Diagnosis of lymphedema and other lymphatic disorders should be performed by clinicians and lymphologists experienced in this area. The essential diagnostic criteria is evidence of slow, reduced, or completely absent lymphatic flow in the tissue of the limb or body region affected by swelling. Lymphoscintigraphy is generally considered to be the gold standard procedure for measuring this flow, although procedures have yet to be standardized. In Genoa, Italy, lymphoscintigraphy, performed with either ^99m Tc-labeled antimony sulfur colloid or ^99m Tc-nanocolloid human serum albumin (90% of the particles >80 nm in size) is employed in the diagnostic workup prior to surgery to determine eligibility for derivative MLVA. Lymphoscintigraphy clearly indicates whether the edema is of lymphatic origin in the patients and provides useful data about the etiology and pathohistological nature of the lymphedema. A transport index (TI) is calculated to categorize the lymphatic flow in both the superficial and deep lymphatic vessels as normal or pathological. A score lower than 10 signifies a normal TI, and a score equal to or higher than 10 signifies a pathological TI. Scores are made bilaterally, even in the cases of unilateral swelling.

Our recent research studying the lymphoscintigraphic examinations of 248 patients with limb swelling has demonstrated that, predominantly, the deep subfascial lymphatic vessels are affected (either alone or in combination with the superficial vessels) in patients with primary or secondary upper or lower limb lymphedema. This underlines the importance of performing a lymphoscintigraphy that also includes the study of the deep lymphatic vessels, as there is a group of patients with only deep vessel impairment who would erroneously not receive a diagnosis of lymphedema with a traditional lymphoscintigraphy studying only the superficial vessels.
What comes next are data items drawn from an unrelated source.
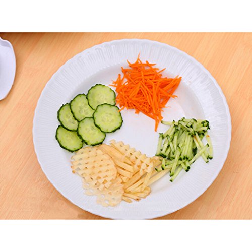Creative Multi-Function Kitchen Tools - Hand-held Mandoline Slicer Set 5 in 1 - Perfect for Slicing and Dicing a Wide Variety of Fruits and Vegetables! Package includes (1)an ABS plastic frame, (2)a safety holder, (3)and 5 different blade inserts. 1 X Detachable mandoline slicer, it is a tough ABS plastic frame. 1 X Safety hat offering protection, cutting hat to secure food and offer protection whilst cutting. 1 X 2mm (0.079in) Julienne blades. 1 X 3mm (0.118in) Julienne blades. 1 X Straight slicer. Perfect for slicing fresh cucumber or thinly cut potato chips! 1 X Grate blade. Notice! Need the Beautiful Grate flower Need to rotated the food 90 degrees,then cut again,repeatedly everytime. 1 X Grind grater. Ideal for grating garlic, ginger or even chocolate! Caution: * Sharp blades! Keep away from children! * Use, wash and store with care. * Use the food holder for safety. * Keep planing away from fire. * After use please cleaning asap! Avoid metal get rusty. * Due to Ingredients have deep color, the planing color maybe will change. You could use oil to clean. It not effect to use. * Cleaning with sponge, cleaning agent also could use dishwasher.
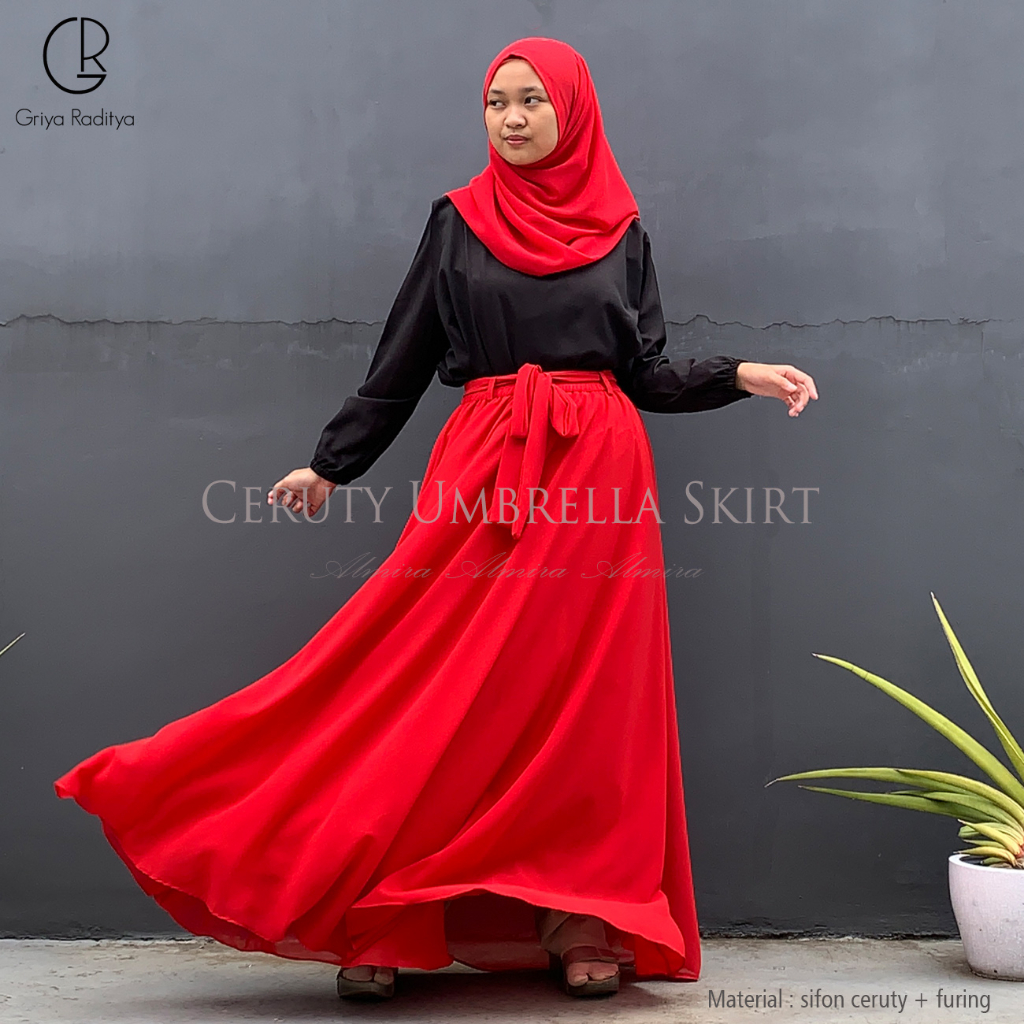 Rok Panjang Wanita Payung Muslimah Sifon Chiffon Ceruti Umbrella Skirt Griyaraditya 23 Warna
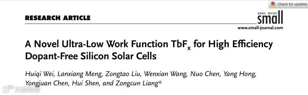 近日,来自中山大学的梁宗存教授,在国际知名期刊Small上发表题为“A Novel Ultra-low Work Function TbFx for High Efficiency Dopant-free Silicon Solar Cells”的观点文章。
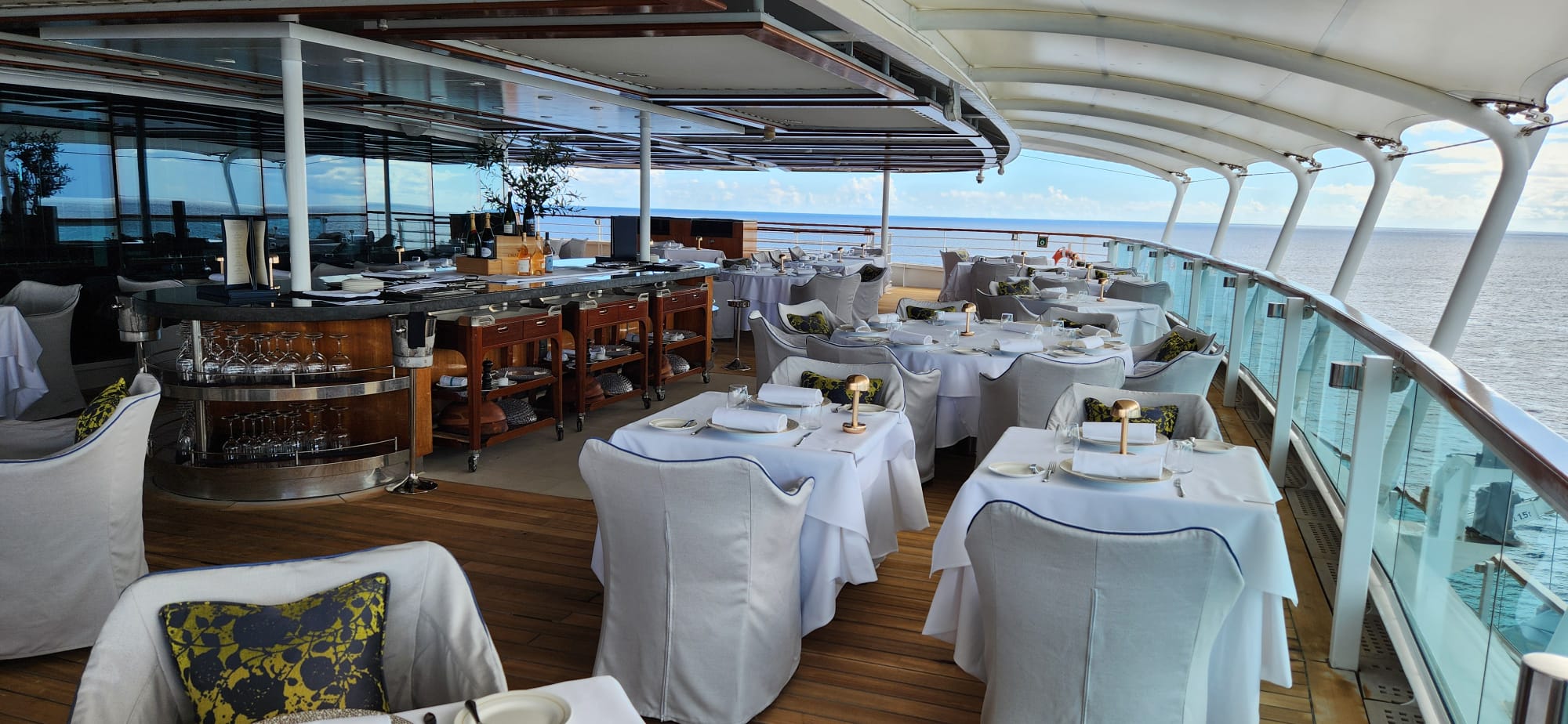 Each evening, our skilled Earth & Ocean chefs create an imaginative array of fresh, inventive dishes—a sophisticated menu celebrating eclectic traditional flavors from around the world, served in a relaxed setting under the stars for a distinctive dining experience unlike any other on board.
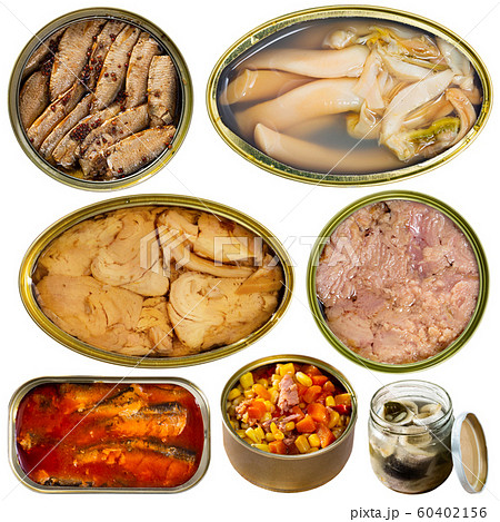 Assortment of canned preserves food in cans,
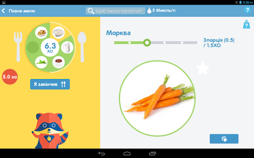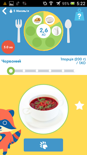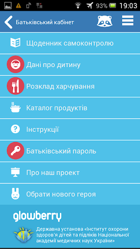 In normal mode a child with the help of the notifications controls his nutrition regime, and can select various food out of the application's rich menu, which consists of 220 basic and usual for Ukrainians dishes - to compose his ideal meal.

Recently, there has been a rise of new imaging technologies (including indocyanine green lymphography [ICGL] and lymphatic magnetic resonance imaging), which, while not yet entirely standardized may be useful to help qualitatively delineate lymph flow through vessels and nodes. ICGL is a useful tool for surgical planning and intraoperatively, as it allows for real-time viewing of lymph flow through the superficial vessels and can be helpful in ensuring the patency of LVA. We also use it preoperatively to map the lymphatic vessels and intraoperatively in our modified liposuction procedure for advanced stages of lymphedema (fibro-lipo-lymph-aspiration with lymph vessel sparing procedure), in order to subsequently avoid these channels with the liposuction cannula to prevent further damage to vulnerable lymphatic vessels.

However, it is very important to note that ICGL is limited to viewing the superficial lymphatic vessels. In this sense, it should not be used for diagnostic purposes in the initial evaluation of a person with swelling, as excluding superficial lymphatic vessel problems does not exclude the diagnosis of lymphedema, which may be based only on deep lymphatic vessel obstruction or damage. Instead, we recommend that the most appropriate tool be chosen for the particular purpose for which it is needed: lymphoscintigraphy for diagnosis, preoperative planning, and preventive approaches and ICGL for preoperative and intraoperative real-time viewing of superficial lymph flow.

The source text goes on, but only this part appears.